第032話:秋空に咲く大輪
祭り三日目の朝は、不思議な静けさから始まった。
昨日までの慌ただしさが嘘のように、露店の準備をする人々はどこか落ち着いている。疲れているからではない。今日で終わると知っているからだ。
祭りには独特の空気がある。
始まる前の高揚。
途中の熱気。
そして最終日だけが持つ、名残惜しさ。
オルゼンたちも、いつも通りの準備をしながら、その空気を自然と感じていた。
「祭り焼き包みの生地確認、問題ありません。甘穀実団子二十五食、角鳥串二十五食、殻茸串十五食。追加だれも補充済みです」
クィナスが帳簿を閉じると、ボルガムは焼き台の火を見つめながら満足そうに頷いた。
「今日は最終日だ。焦る必要はねえ。だが、一番うまいもんを出す!」
「それ、毎日言ってますよ」
カイルが笑う。
「毎日思ってるからな!」
「そこは変わらないんですね」
「変えたら料理人失格だ!」
その言葉に、レイシャも静かに頷いた。
「今日は私も補助ではなく、補助として動けます」
昨日とは違う。
一度経験したことで、身体が少しだけ動きを覚えている。
カイルも昨日の疲れは残っていたが、ミレイユの香草茶と十分な睡眠のおかげで顔色は戻っていた。
「昨日は迷惑かけた」
そう頭を下げると、ボルガムは豪快に笑った。
「一日で戻ってきたなら十分だ! 今日動けりゃ昨日休んだ意味がある!」
オルゼンも肩を軽く叩いた。
「今日は無理をするな。

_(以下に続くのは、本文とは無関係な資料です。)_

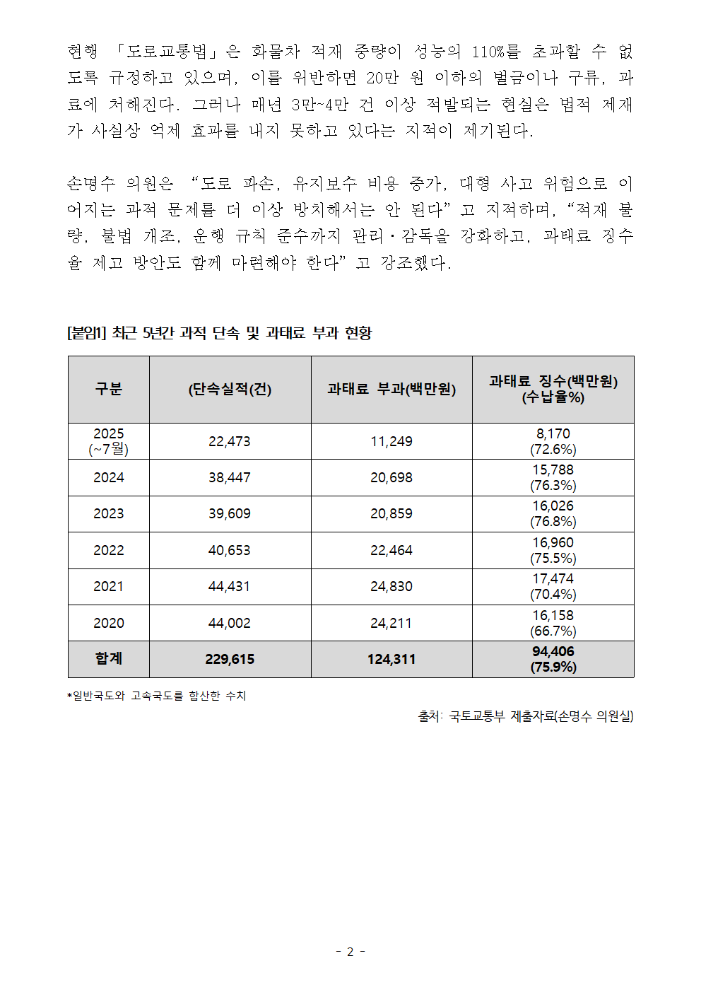 [국회의원 손명수 보도자료] “화물차 과적 5년간 23만 건 적발… 과태료 부과에도 징수율은 70%대 ‘제자리’”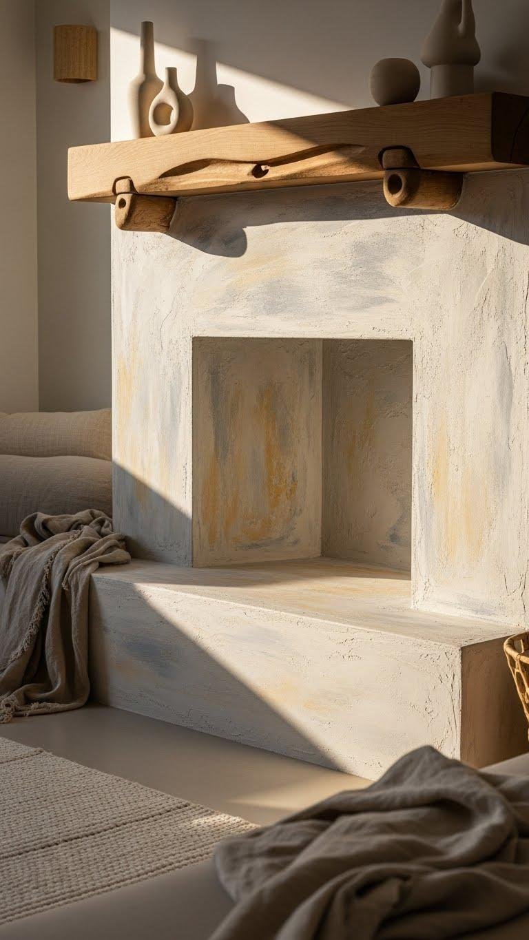 Bring a textured plaster surround into your living space to anchor the room with quiet, artisanal charm. You’ll love how tactile limewash catches light, offering soft, weathered depth without fuss.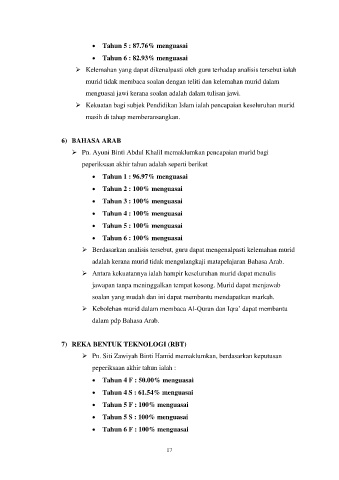 Kekuatan bagi subjek Pendidikan Islam ialah pencapaian keseluruhan murid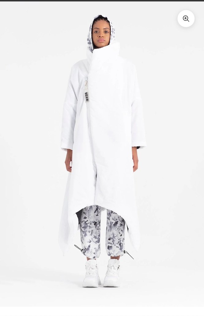 Uzun, bol kesim kadın puf kaban kapüşonlu, drapeli tasarıma sahip. Beyaz rengi ve avangart tarzıyla sokak modasına uygun. ️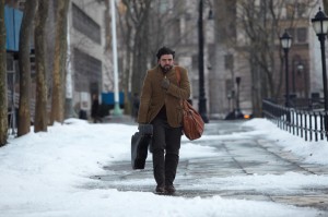 Viendo a Llewyn estamos ante un ser egoísta y egocéntrico, con raptos de ira acumulada, dispuesto a aprovecharse de la más mínima oportunidad para sablear a quien se deje, mudando de cama noche tras noche y sin hogar, con la única compañía de una guitarra que ayuda a crear una imagen de ser desvalido, arqueado, abrumado por el peso de la existencia. Por no tener, en el frio invierno neoyorkino, no tiene ni abrigo, y deambulará y paseará en busca de ese productor fantasma todopoderoso que le lance al mercado azotado por la intemperie.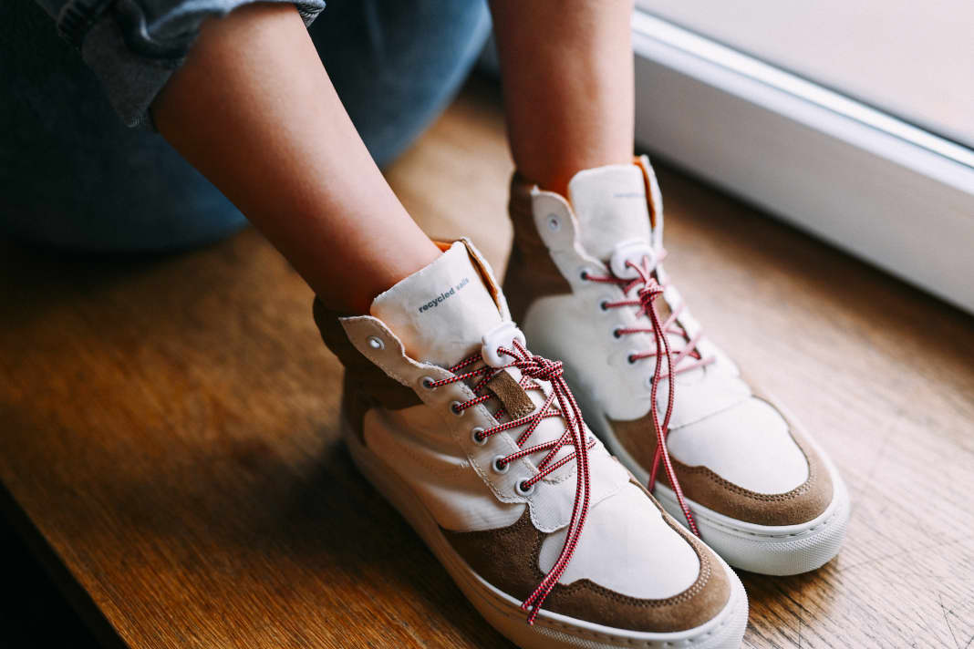 High Top Sneaker für Damen und Herren von 8beaufort.Hamburg, gefertigt aus recyceltem Segeltuch, recycelter Baumwolle, Veloursleder und elastischen Schnürsenkeln, in Weiß, Ozeanblau und earth. Nachhaltiger können Dich Deine Füße nicht tragen!

ただ昨日より一歩前へ進めばいい」
「はい」
その返事は昨日より力強かった。
販売が始まると、最終日は初日とも二日目とも違う流れになった。
「今日が最後だから」
その理由だけで人が集まる。
昨日買えなかった者。
三日連続で来た者。
友人に頼まれて買いに来た者。
「昨日食べたら子どもがまた食べたいって言うんだ」
「角鳥串、今日は食べられるか?」
「追加だれだけでも売ってくれない?」
そんな声が飛び交う。
追加だれだけを欲しがる客まで現れたのには、クィナスも少し驚いた。
「申し訳ありません。追加だれは商品と一緒のみになります」
「やっぱりそうか」
「ですが、祭り焼き包みに青塩香草だれはおすすめですよ」
「じゃあそれで!」
客は笑顔で買っていく。
そのやり取りを見ていた近くの露店主が苦笑した。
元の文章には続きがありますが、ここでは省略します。